Patients with complex health care needs (PCHCN), who place a heavy burden on health care resources, typically include individuals with multiple chronic conditions (multimorbidity). 4 For example, a previous study found that elderly patients labelled as PCHCN suffer from >4 diseases on average. 5
Targeting the needs of PCHCN by designing tailored health care models capable of improving these patients' health outcomes while reducing related costs is therefore an important policy priority. 6
One strategy could be to optimize the case-finding process by developing tools such as a risk score to prioritize enrollment in case management programs. 7 Such programs can provide intensive and personally tailored care to those PCHCN who are at greatest risk of hospital admissions and who are responsible for the highest costs. 8
An incremental second strategy would be to identify the subgroup of patients who are more likely to benefit from a case management (CM) intervention. For example, a systematic review revealed that adopting CM in the subgroup of heart failure PCHCN produced a greater reduction in unplanned hospital admissions and length of hospital stay compared to patients with other chronic diseases. 9 Similarly, a study found that a CM intervention improved outcomes of patients with chronic heart failure and decreased readmissions and length of hospital stay. 10 Moreover, another strategy to further increase the effectiveness of CM interventions is the adoption of “impactibility models” that identify the subgroup of patients in a cohort of PCHCN patients at higher risk of events that could potentially be prevented by CM interventions. 7
This allows one to redesign primary care using the framework suggested by Porter to sustain and improve primary care practice. This framework specifies that primary care should be organized around subgroups of patients with similar comorbidities and therefore similar needs and that team-based services should be provided to each patient subgroup over the full care cycle. 11 As an example, a previous study pointed out that the presence of morbidities like chronic kidney disease, chronic obstructive pulmonary disease (COPD), or asthma in heart failure PCHCN was strongly associated with a greater demand for hospital services measured as “at least one hospital admission” and “at least one preventable admission.” 12
Thus, the aim of the present study is to create an impactibility model that uses the ACG System 13 to identify homogeneous clinical subgroups of heart failure patients with high risk of an adverse health outcome. This method will allow policy makers to more efficiently target and prioritize services for the highest risk PCHCN in the context of limited health care resources. In the study, the research team chose to prioritize based on morbidity variables, defining the pathologies that best predict adverse outcomes in this cohort. The 2 adverse health care events on which the team focused are at least 1 hospitalization and at least 1 preventable hospital admission in a year.
Methods
Context
The Italian National Health System (NHS) is a public service financed mainly by general taxation. It is grounded in values of universality, free access, freedom of choice, pluralism in provision, and equity. Regional authorities plan and organize health care facilities and activities through their regional health departments in accordance with a national health plan designed to assure equitable provision of comprehensive care throughout the country. Regional authorities coordinate and control local health units (LHUs), each of which is a separate geographically-based public company delivering public health, promotion, community health services, primary care, and hospital care, either with their own facilities and personnel or through outside contractors. The Veneto Regional Health Service had 21 such LHUs serving a population of about 5 million.

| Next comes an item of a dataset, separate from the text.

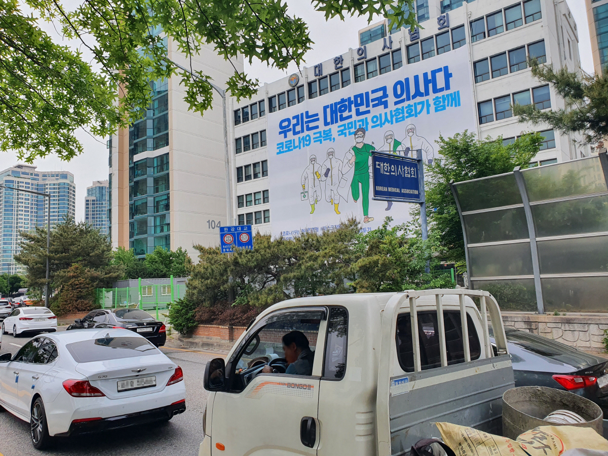 대한의사협회가 코로나19 극복 의지를 보여주는 홍보 현수막을 최근 이촌동 회관 건물 외벽에 내걸었다.
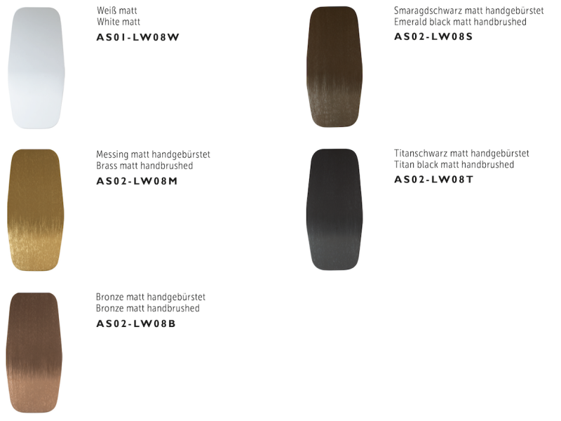 The carefully hand-brushed surfaces of the brass, bronze, emerald black and titanium black coatings emphasize the high-quality appearance with their noble metallic sheen.

The LHU involved in the present study was the Azienda ex-ULSS4-Veneto, which serves a population of about 190,000 in the province of Vicenza, in northeastern Italy.
The ACG (adjusted clinical groups) system: identification of subjects
The ACG System is a method of population risk stratification that is used internationally to characterize multimorbidity on the strength of routinely collected administrative data that are gathered together using record linkage. 13 This tool has been implemented in the Veneto Region since 2012. 14
Starting from individual-level diagnoses and based on clinical judgement of likelihood (persistence or recurrence over time, demand for specialist services, hospitalization, disability or decline in quality of life, and expected need for and use of diagnostic or therapeutic procedures), it is then adjusted for age and sex to create 93 mutually-exclusive combinations of conditions (ACGs) that represent clinically logical categories of patients expected to require similar types and levels of health care resources.
Based on their health care resource usage, the ACG System automatically collapses the different ACG categories into 6 Resource Utilization Bands (RUBs), from 0 (nonuser or invalid diagnosis) to 5 (very high morbidity). For the purposes of the present study, only people older than age 65 years in 2012, with a diagnosis of heart failure, residing in the area served by the Azienda ULSS4-Veneto LHU, and characterized as PCHCN corresponding to RUBS 4 and 5 (respectively high morbidity and very high morbidity) were included.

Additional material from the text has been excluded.